Hey you guys spoke about this the other night at Barasti. They serve a buffet of Pakistani and Indian cuisine with some Chinese. The foods pretty good was there a my last trip to Dubai.

A few people have confirmed but the more the merrier.

We are looking to get there at 8.30 

Its called "The Al Ibrahimi Restaurant"
Just off Sheikh Khalifa bin Zayed St.
Opp BurJuman (just opposite the tower)

Taxi drivers will know where its at <they should> PM me if you'll need a number or further directions

Though its a good way to meet you guys, I'm going to be flying off on Thursday morning.


----------



## crazymazy1980 (Aug 2, 2008)

KayPee said:


> Hey you guys spoke about this the other night at Barasti. They serve a buffet of Pakistani and Indian cuisine with some Chinese. The foods pretty good was there a my last trip to Dubai.
> 
> A few people have confirmed but the more the merrier.
> 
> ...


I will be there!!!! 

Shame you're leaving mate. I'll have my black ribbon on here all the time at the rate everybody seems to be jumping ship


----------



## karendee (Oct 12, 2008)

see you all at 20:30.


----------



## Shinjuku (Jul 12, 2008)

Finally...something in my neck of the woods!
See you tonight.


----------



## Maz25 (Jul 6, 2008)

Will be there as well!


----------



## dizzyizzy (Mar 30, 2008)

see ya tonight! might be fashionably late as usuall but will be there of course xoxox


----------



## mazdaRX8 (Jul 13, 2008)

Should be there... with work clothes cause I'll be hanging with my boss before that in the area.


----------



## Chickiwi (Oct 26, 2008)

I also will be there.


----------



## dizzyizzy (Mar 30, 2008)

shingle peak said:


> i also will be there.



yaaaaaaaaaa! :d


----------



## caldwema (Oct 9, 2008)

YAAAAA me too!!


----------



## caldwema (Oct 9, 2008)

I just googled Al Ibrahimi Restaurant, to see if I could find driving directions, not sure if I am brave enough to try and drive there though, anyway this post was like the 4th link that popped up. I thought it was rather funny, so I thought I would share ;-)


----------



## mancgary79 (Sep 9, 2008)

crazymazy1980 said:


> I will be there!!!!
> 
> Shame you're leaving mate. I'll have my black ribbon on here all the time at the rate everybody seems to be jumping ship


I'd rather the black ribbon than that muck you've got at the minute!!

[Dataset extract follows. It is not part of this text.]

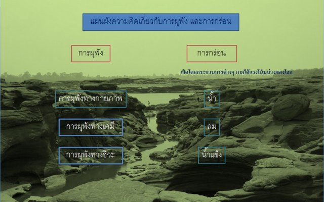 แม้ว่าเนื้อหาหลักที่เกี่ยวข้องกับทัศนศึกษาแหล่งเรียนรู้ออนไลน์ “แก่งหินงามสามพันโบก” จะเป็นเรื่อง กระบวนการกร่อน แต่ การศึกษาการกร่อน โดยไม่ศึกษาเรื่องการผุพัง จะเป็นการศึกษาโดยไม่ครบเนื้อหา และขาดความต่อเนื่อง
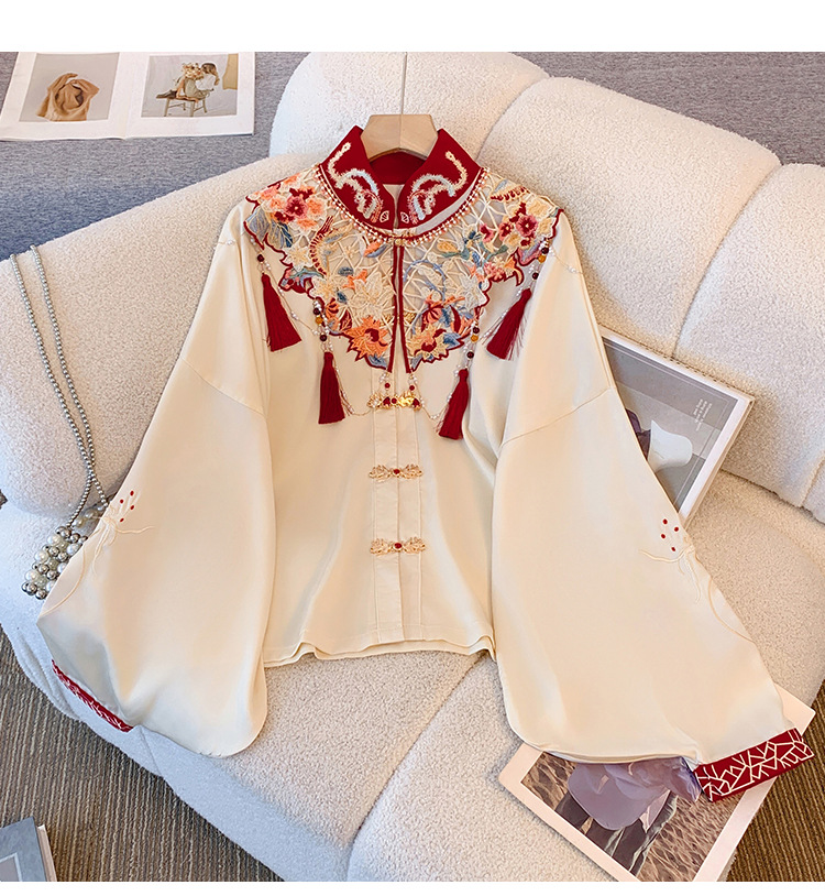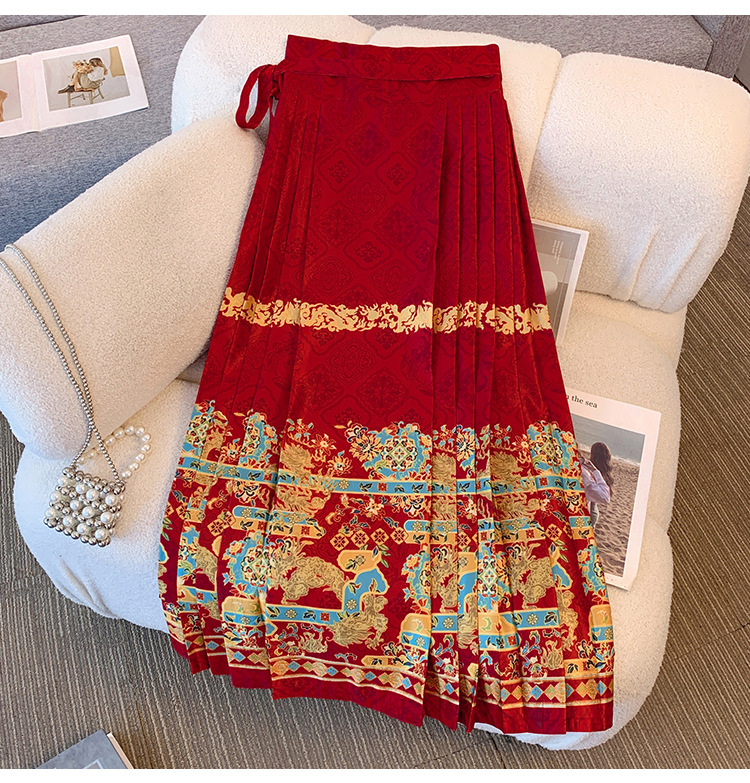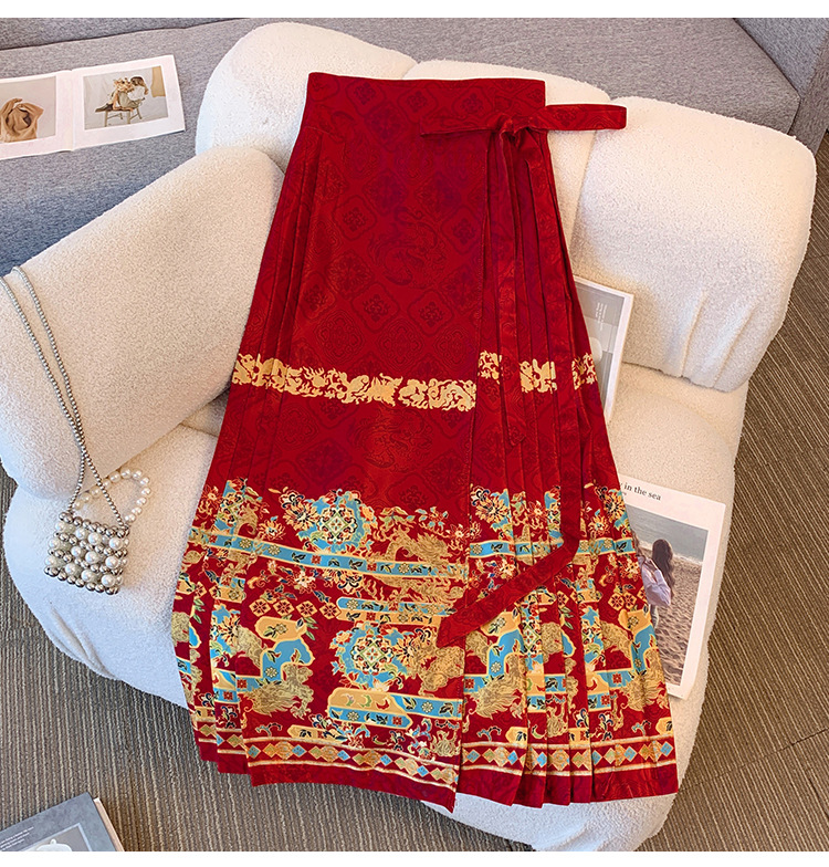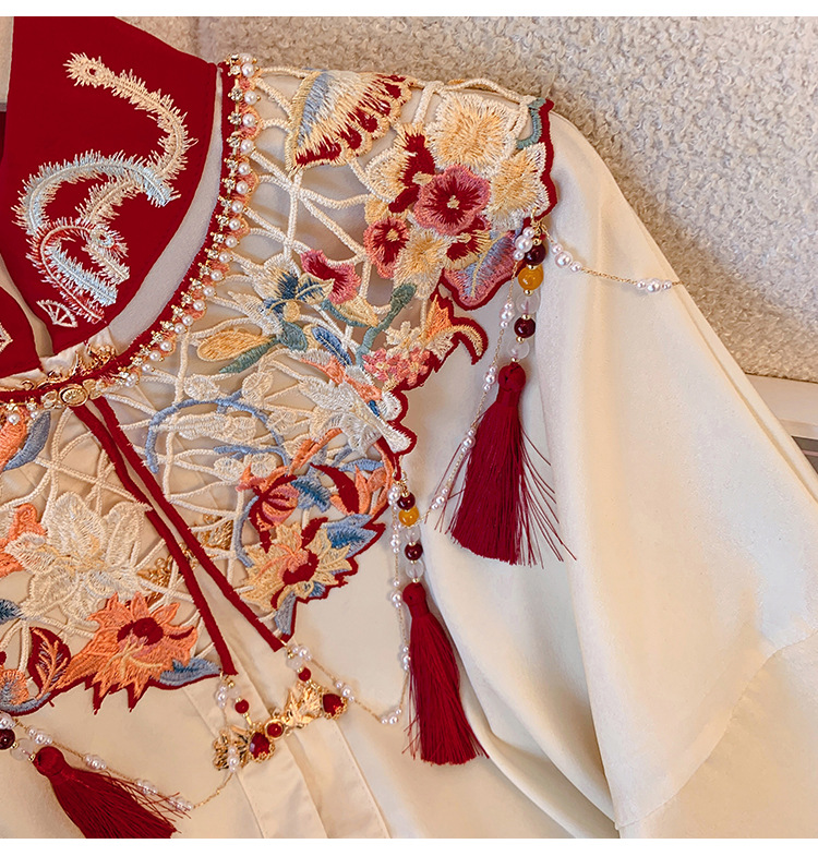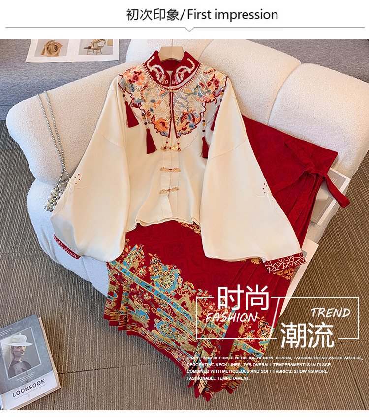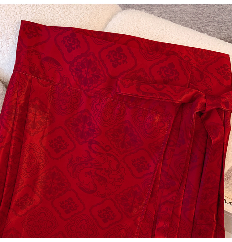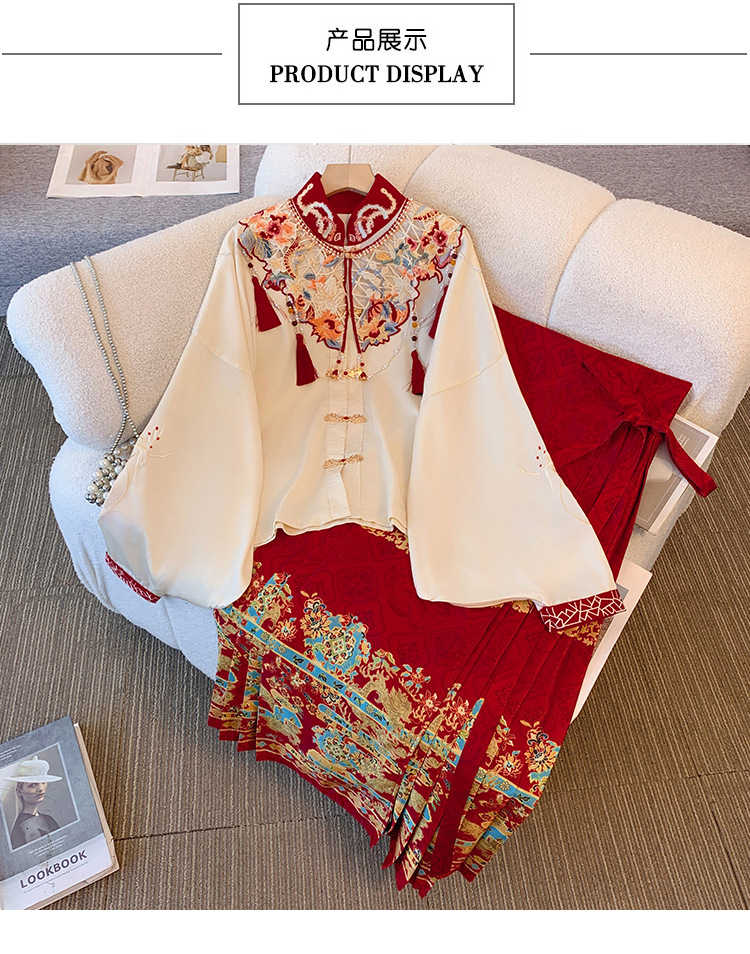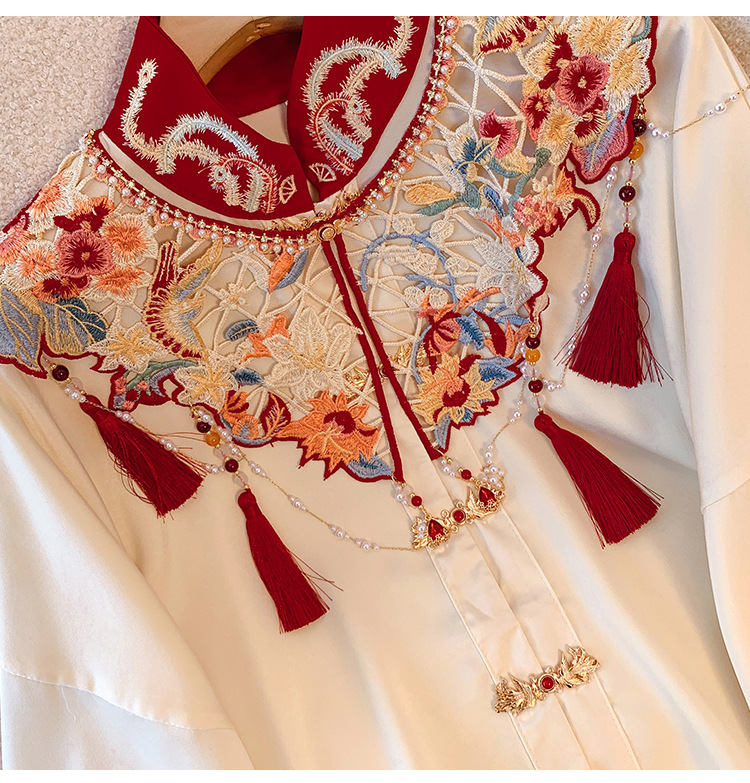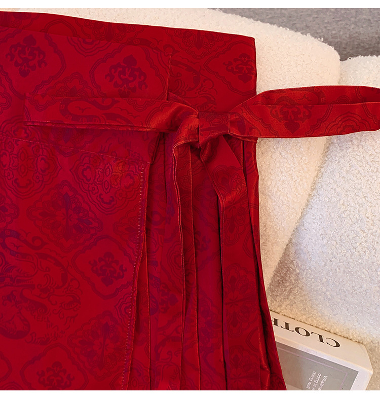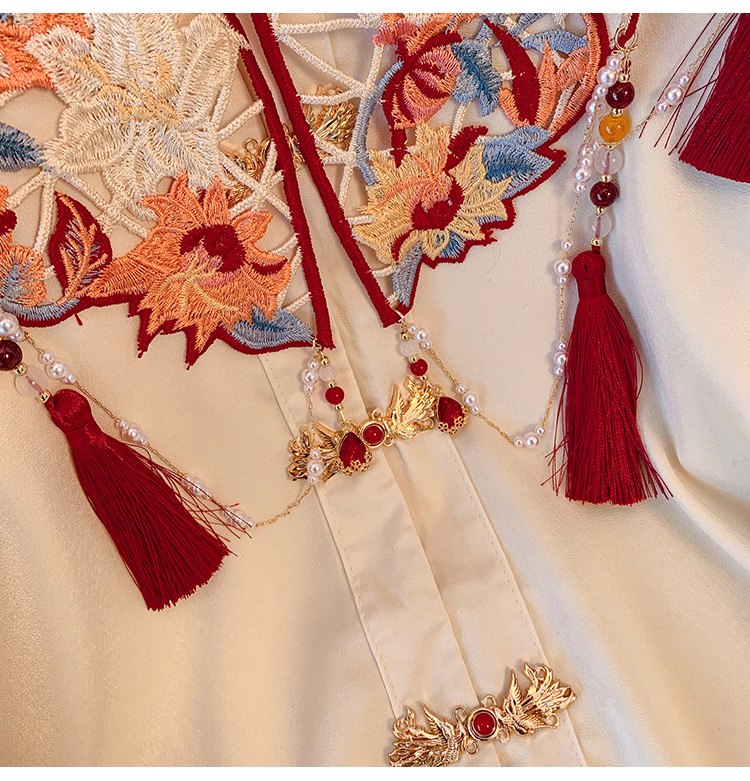 Ukuran Plus Juli Xi Han pakaian bordir awan bahu merah tenun emas gaun rompi roti panggang pakaian pertunangan gaya Cina baru

I may join you lot later on, depends how my 'move' goes.


----------



## crazymazy1980 (Aug 2, 2008)

mancgary79 said:


> I'd rather the black ribbon than that muck you've got at the minute!!
> 
> I may join you lot later on, depends how my 'move' goes.


I wasn't going to mention your picture.

I have to say you must be pretty good to play with three golf clubs at the same time


----------



## KayPee (Oct 24, 2008)

caldwema said:


> I just googled Al Ibrahimi Restaurant, to see if I could find driving directions, not sure if I am brave enough to try and drive there though, anyway this post was like the 4th link that popped up. I thought it was rather funny, so I thought I would share ;-)


Have I've made my mark on the www, will be coming your way can pick you up or you can follow us in. I think there are four in my car at the minute.


----------



## mancgary79 (Sep 9, 2008)

crazymazy1980 said:


> I wasn't going to mention your picture.
> 
> I have to say you must be pretty good to play with three golf clubs at the same time


A superb action shot that is mate. We need to sort out the driving range so I can laugh at you all!!


----------



## caldwema (Oct 9, 2008)

KayPee said:


> Have I've made my mark on the www, will be coming your way can pick you up or you can follow us in. I think there are four in my car at the minute.


Thanks, If you're loaded up already I just follow you. I am a bit intimitated to drive in that area I have to say. But it should be alright.


----------